Gov. Matt Bevin is expected to announce Wednesday that an aluminum manufacturing plant will bring hundreds of new jobs to Wurtland, an Ohio River town of about 995 in Greenup County.
Bevin scheduled a 1 p.m. news conference Wednesday in Wurtland to announce “an economic development project that will positively impact Kentucky’s eastern region.”
He declined to provide details but a state senator said the announcement will involve an aluminum manufacturing plant locating at a riverport industrial site in Greenup County.
WHAS-AM in Louisville reported Tuesday that Bevin said Monday night during a speech in New York to an investors’ group that he would announce a $1.3 billion economic development project Wednesday in Kentucky.
The Kentucky Economic Development Finance Authority, which considers state incentives for economic development projects, has called a special meeting for 12:30 p.m. Wednesday via video conference to consider a project in Greenup County.
State Sen.
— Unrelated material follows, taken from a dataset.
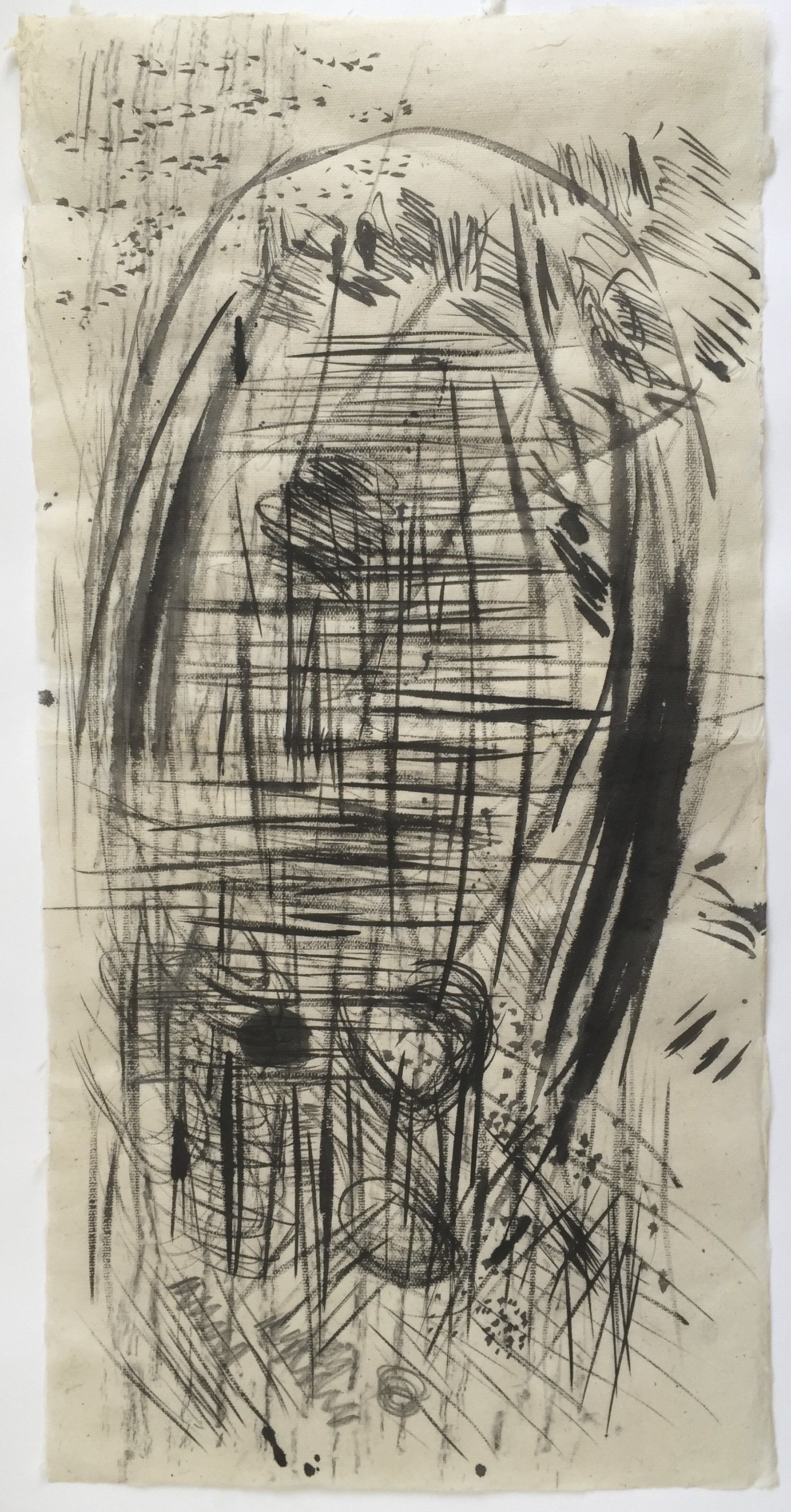 En mi proceso reciente basado en trabajos sobre papel, seda y lienzo trabajo principalmente con materiales naturales como algas, agua, arena, tierra, grafito, tinta china y piedra.

Tom Buford, R-Nicholasville, said in a phone interview that he understands the project will be an aluminum manufacturing plant. “It will be a great asset to the people of that area,” he said.
Buford said such plants use a great deal of energy. “I wonder if maybe the state will have incentives for a power plant to go along with this,” he asked.
In the final hours of this year’s legislative session, which ended March 30, Bevin successfully asked lawmakers to approve up to $15 million for a “mystery” economic development project in Eastern Kentucky.
At the time, House Majority Leader Jonathan Shell, R-Lancaster, said it would provide 1,000 construction jobs and 500 permanent jobs with an average annual salary of $75,000.
Northeastern Kentucky has been devastated by job losses in recent years: there have been hundreds of layoffs at Ashland’s AK Steel, Ashland Oil moved its headquarters from Ashland to Cincinnati in 1999, and more than half of the coal mining jobs in nearby counties have been lost.
In February, the unemployment rate for the area was 6.4 percent, compared to the state average of 5 percent.
Earlier this month, the Republican governor helped announce a $1.33 billion investment by Toyota in its Georgetown manufacturing plant. Toyota is eligible for $43.5 million in state economic development incentives for the project, though it isn’t expected to increase employment at the plant.
In January, Bevin announced a $1.5 billion Amazon air hub at the Cincinnati/Northern Kentucky International Airport. That project, which is expected to eventually employ 600 full-time workers and 1,400 part-time workers, is eligible for $40 million in tax incentives.